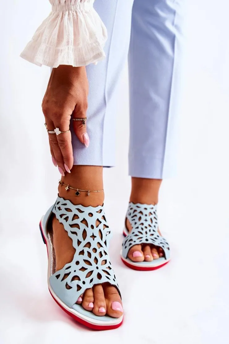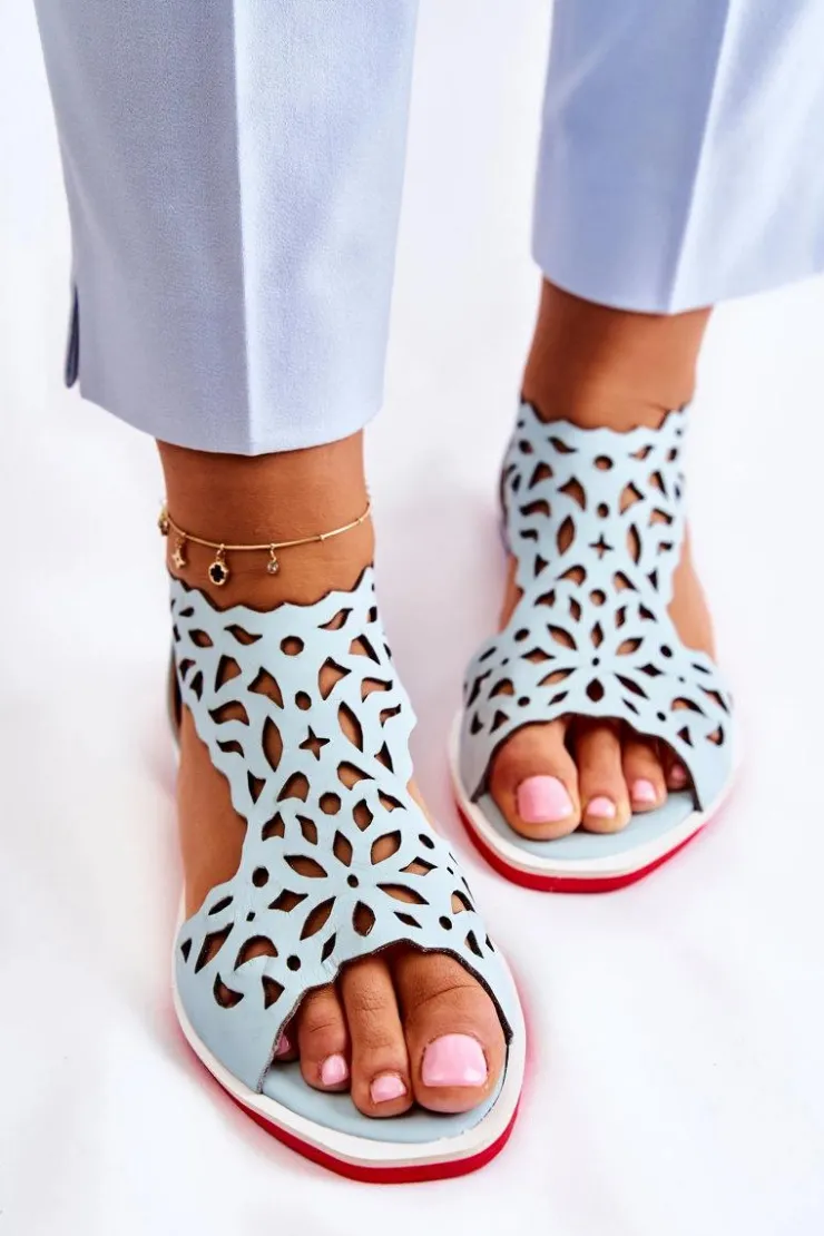 Damskie sandały zostały wykonane z naturalnej skóry w ażurowy wzór. Z boku cholewki posiadają gumkę. Zapiętek usztywniany z suwakiem. Buty są osadzone na płaskim obcasie. Sandały posiadają odkryty nosek. Miękka wkładka została także wykonana z naturalnej skóry. Lekki i przewiewny fason świetnie sprawdzi się w upalne dni. Koniecznie powinnaś je mieć! Przy wyborze rozmiaru prosimy sugerować się tabelą rozmiarów.
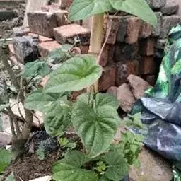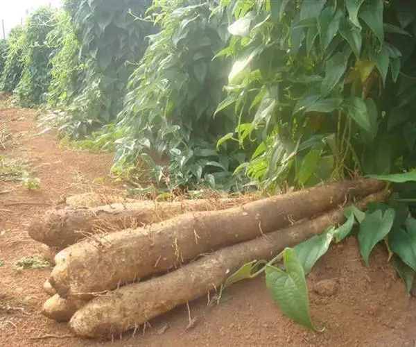 整枝搭架:薯蓣是攀缘植物,苗高30厘米前,必须搭架,架高1.5-1.7厘米,架材入土深20-30厘米。常搭成人字架或四角架。种块发芽时,一般可伸出1条主茎,但有时也可伸出2条以上,相应会产生2-3个块茎,相互争夺养分,使每个块茎又细又小,影响优质生产,应在出苗后,立即拔除多余的茎蔓,只留1个粗壮的主茎。有的品种侧枝过多,中后期要适当摘去下部侧枝,以及主茎与侧枝的顶头。零余子大量形成,影响块茎生长,一般可控制在1500-2250千克/公顷。
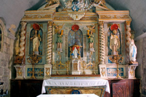 [4] Une carte postale de 1950 montre l’intérieur de l’église sans le retable.
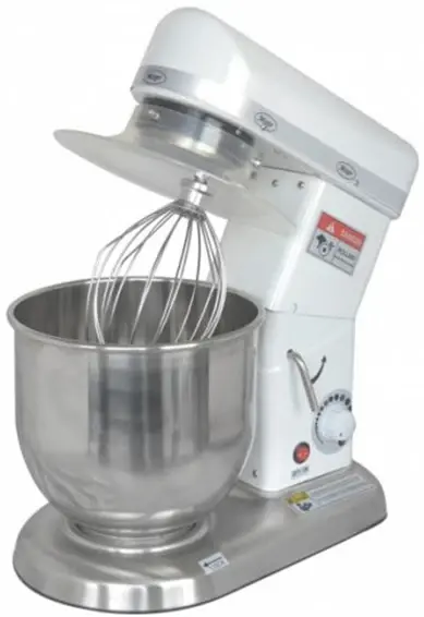 Планетарный миксер Hualian Machinery В5 применяется для приготовления различных видов негустого теста (бисквитного, пирожкового, блинного и пр.), кремов, суфле, соусов. Планетарный редуктор обеспечивает поворот вращающегося месильного органа вокруг центра дежи.
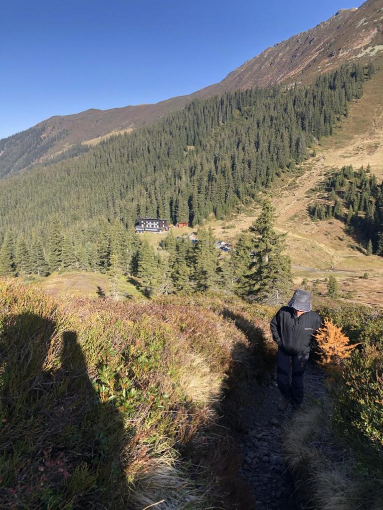 Nach einer gemütlichen Rast, das Aufstehen fällt uns fast ein wenig schwer, wandern wir über den Talsteig hinab zum Parkplatz. Mit den letzten Sonnenstrahlen erreichen wir das Tal.
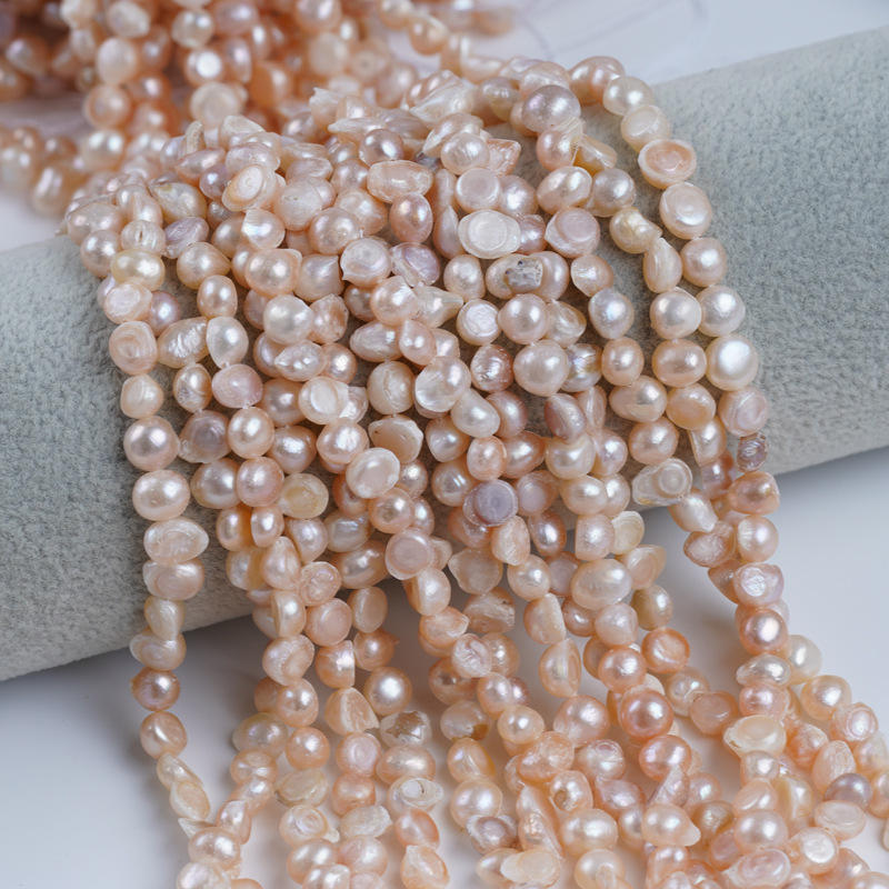 Zhuji Wholesale Natural Freshwater Pink Pearl Necklace 5-6mm Natural Two Sided Light Semi Finished Horizontal Hole Colorful
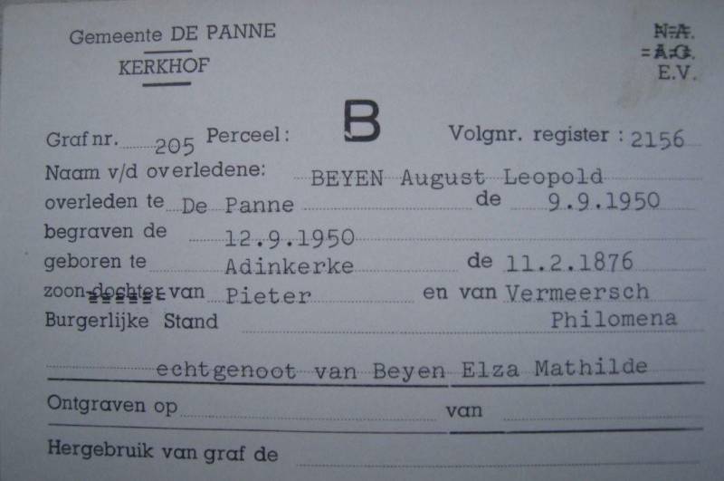 - geb. 11 FEB 1876 in Adinkerke - ovl. 09 SEP 1950 in De Panne
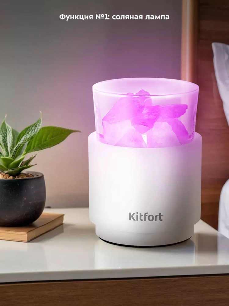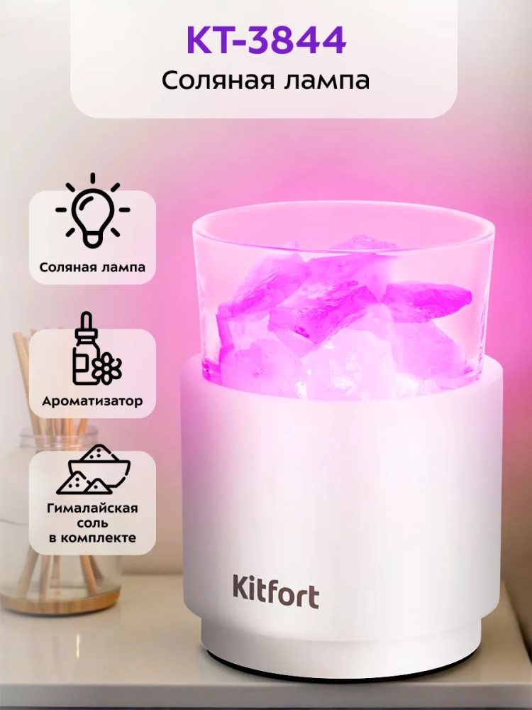 Соляная лампа-ароматизатор Kitfort KT-3844 — это светильник, основой которого являются кристаллы каменной соли.
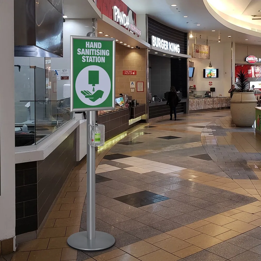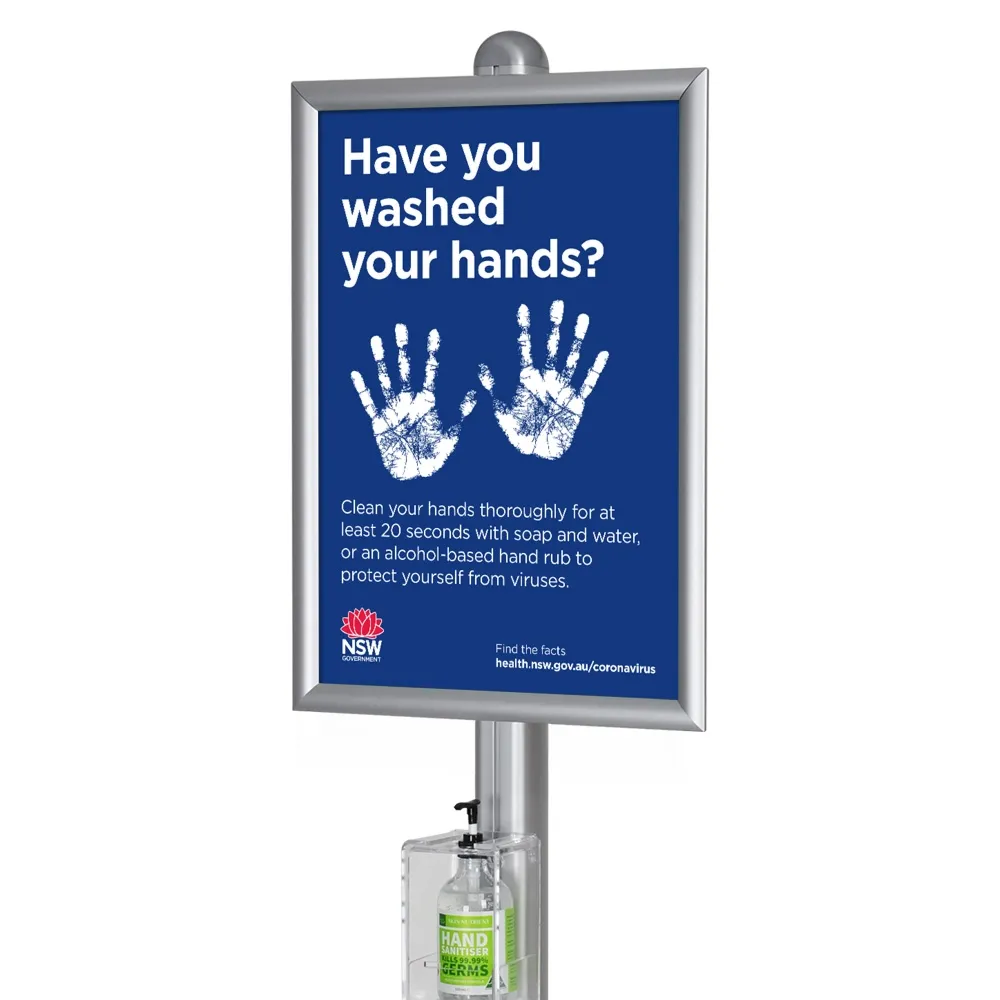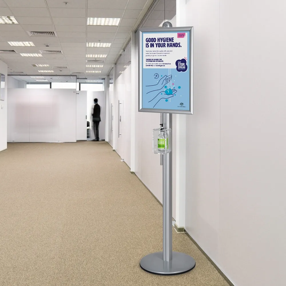 This A2 poster display with secure holder, part of our line of business support essentials, uses a large A2 (420 x 594mm) signage holder for drawing passersby attention and creating awareness of the hand sanitiser station. The snap frame design makes sign changes quick and easy with no tools, and a protective lens helps prevent grime and dust build-up on posters. This entire display has a modular design to allow the components to be placed where desired along the centre pole, with heaps of other accessories also available to customise the fixture for use at your location.
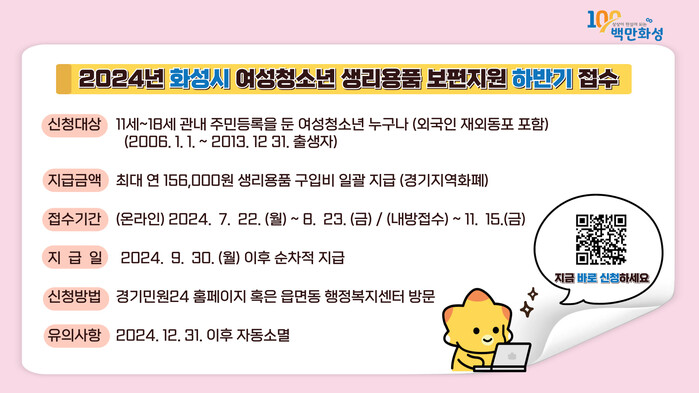 화성시(시장 정명근)가 오는 22일부터 다음달 23일까지 2024년 여성청소년 생리용품 보편지원 사업 하반기 신청접수를 받는다.
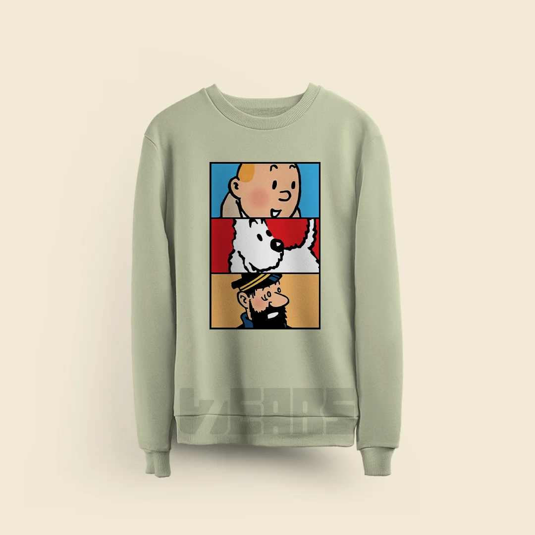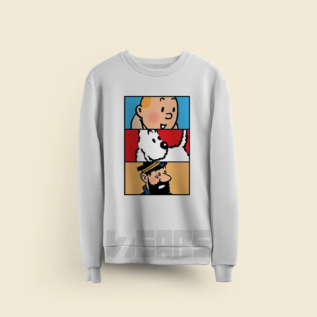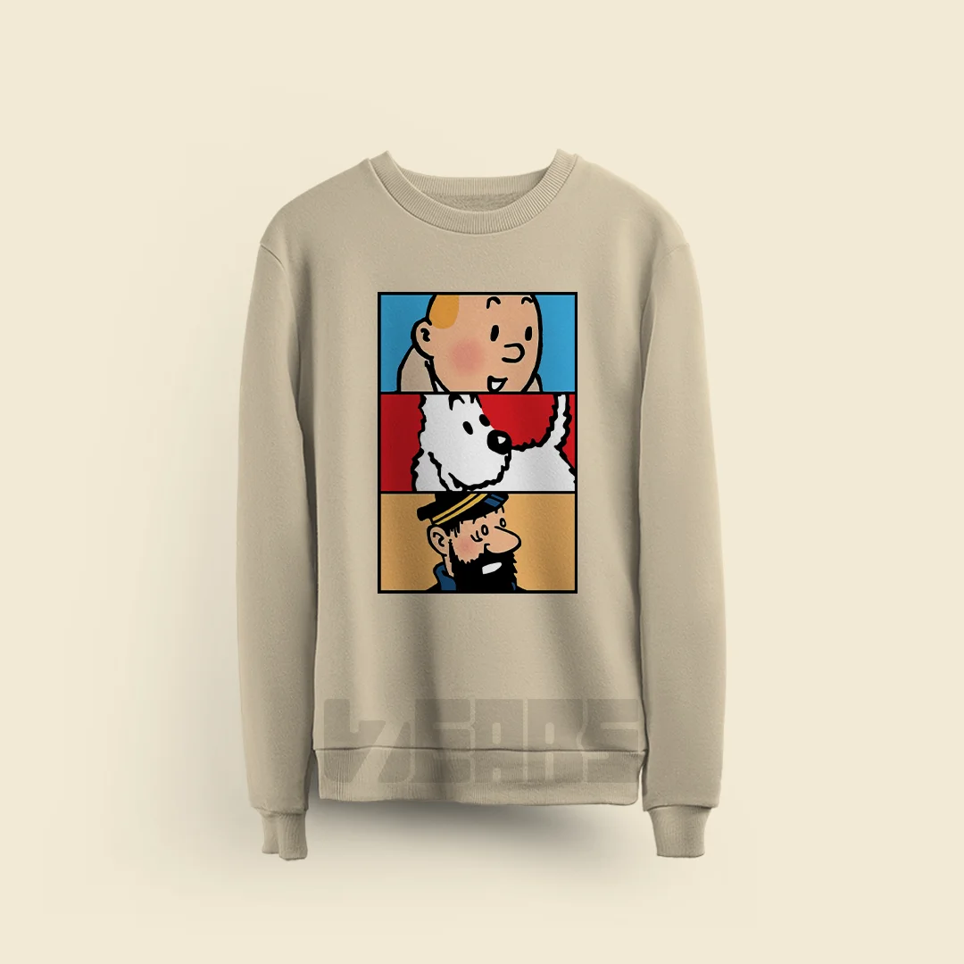 سویشرت Tintin طرح ماجراهای تن تن از جنس دورس سه نخ مناسب فصول پاییز و زمستان با بهترین کیفیت چاپ دیجیتال
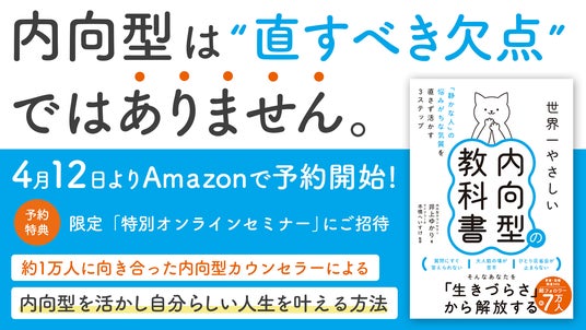 これまで約1万人の内向型の方と関わってきた内向型カウンセラーである井上ゆかりの著書『世界一やさしい内向型の教科書「静かな人」の悩みがちな気質を直さず活かす方法』が、株式会社世界文化社(本社所在地:東京都千代田区 代表取締役社長:鈴木美奈子)より予約販売を開始しました。本書は2024年5月26日(日)に刊行します。
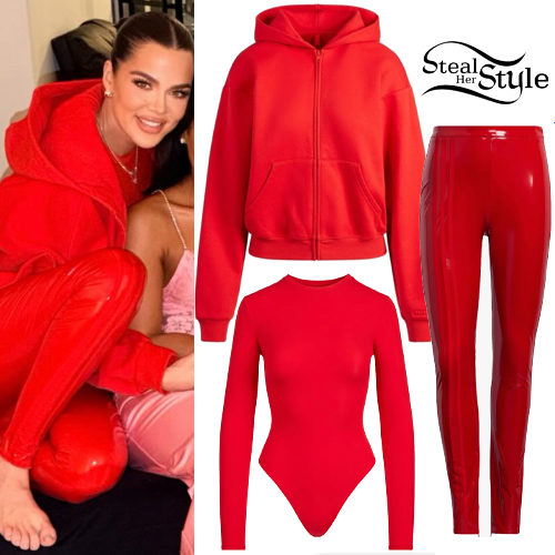 Khloé Kardashian celebrated Valentine’s Day wearing Skims Long Sleeve Crew Neck Bodysuit ($70.00) and Skims Classic Zip Up Hoodie ($56.00 – wrong red available but you can also find a similar hoodie at Khy $50.00) with Red Latex Pant by adidas x IVY Park (Sold Out).
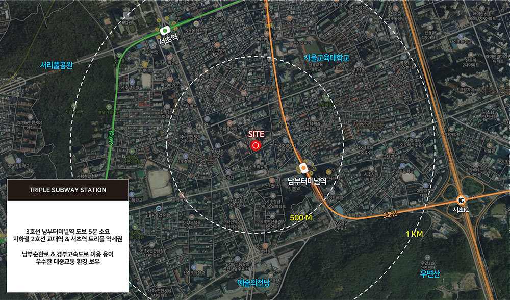 경부고속도로 및 서초나들목, 남부순환로 등의 진입이 쉬운 광역 교통망과 사통팔달의 서울 시내 교통망도 지니고 있으며 개발호재로는 한남나들목 ~ 양재나들목 구간을 대상으로 한 경부고속도로 지하화 사업이 예정되어 있어 몇 년 후 완공 시 상습 교통체증 구간 완화에 이은 주거 환경 개선과 동시에 단절된 강남~서초의 연결로 부동산가치의 상승이 탄력받게 될 것으로 기대됩니다
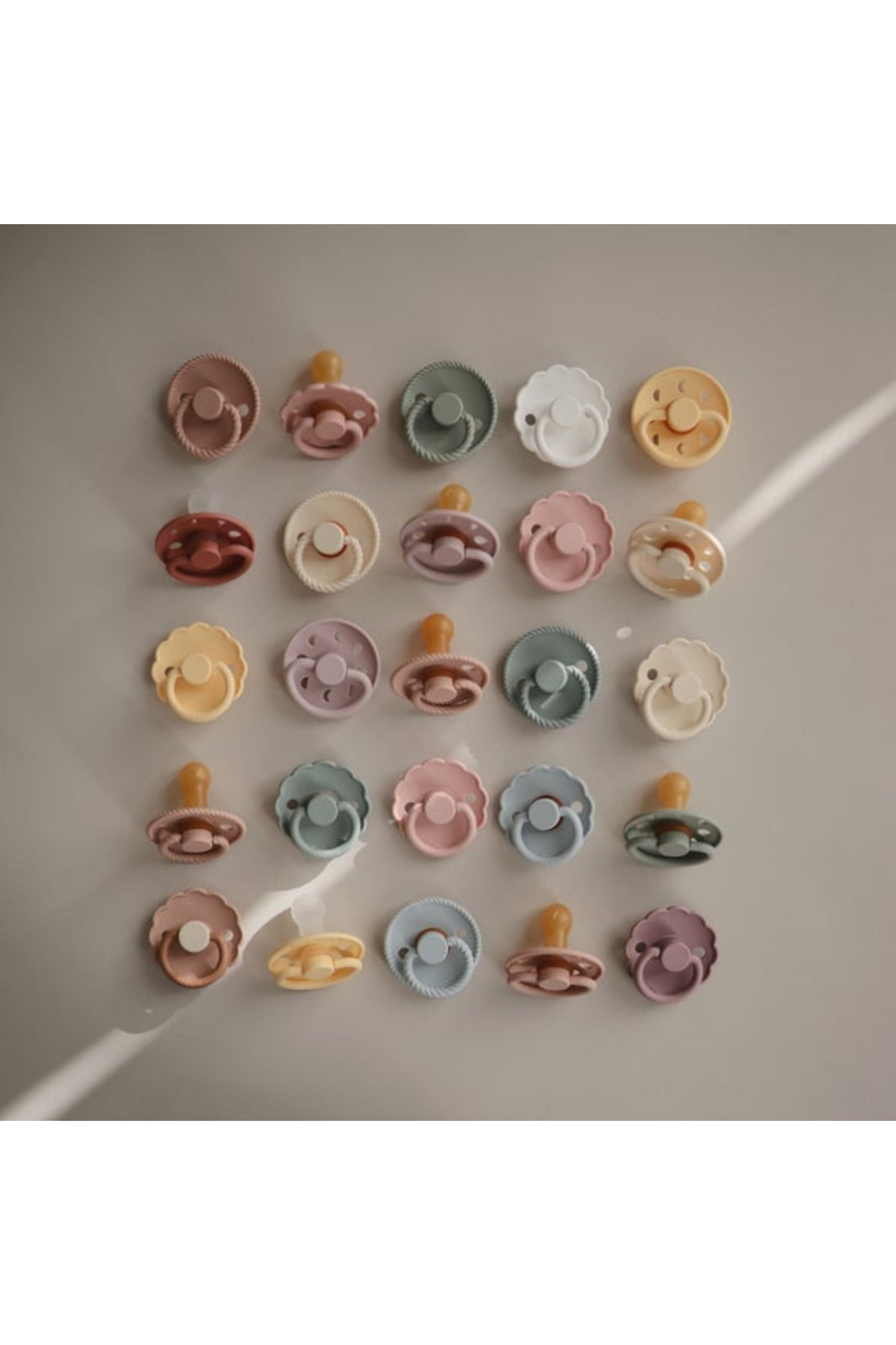 Tanskalaisen FRIGG-merkin piparkakkureunainen tutti luonnonkumisella tuttiosalla. Tutin muoto on suunniteltu pitämään sen pois lapsen herkiltä kasvoilta. Ilma-aukot ja kahva suojaavat lasta tukehtumisvaaralta. Tutit täyttävät tiukat turvallisuusvaatimukset. Jokainen tutti on veto- ja tyhjiötestattu ja ne ovat BPA-, PVC- ja ftalaattivapaita.

----------

--- Your instructions ---
Give back exactly, and only, the lines from the one holding "경부고속도로 및 서초나들목, 남부순환로" through the last line of the entries, with every picture omitted.

--- Completed task ---
 경부고속도로 및 서초나들목, 남부순환로 등의 진입이 쉬운 광역 교통망과 사통팔달의 서울 시내 교통망도 지니고 있으며 개발호재로는 한남나들목 ~ 양재나들목 구간을 대상으로 한 경부고속도로 지하화 사업이 예정되어 있어 몇 년 후 완공 시 상습 교통체증 구간 완화에 이은 주거 환경 개선과 동시에 단절된 강남~서초의 연결로 부동산가치의 상승이 탄력받게 될 것으로 기대됩니다
 Tanskalaisen FRIGG-merkin piparkakkureunainen tutti luonnonkumisella tuttiosalla. Tutin muoto on suunniteltu pitämään sen pois lapsen herkiltä kasvoilta. Ilma-aukot ja kahva suojaavat lasta tukehtumisvaaralta. Tutit täyttävät tiukat turvallisuusvaatimukset. Jokainen tutti on veto- ja tyhjiötestattu ja ne ovat BPA-, PVC- ja ftalaattivapaita.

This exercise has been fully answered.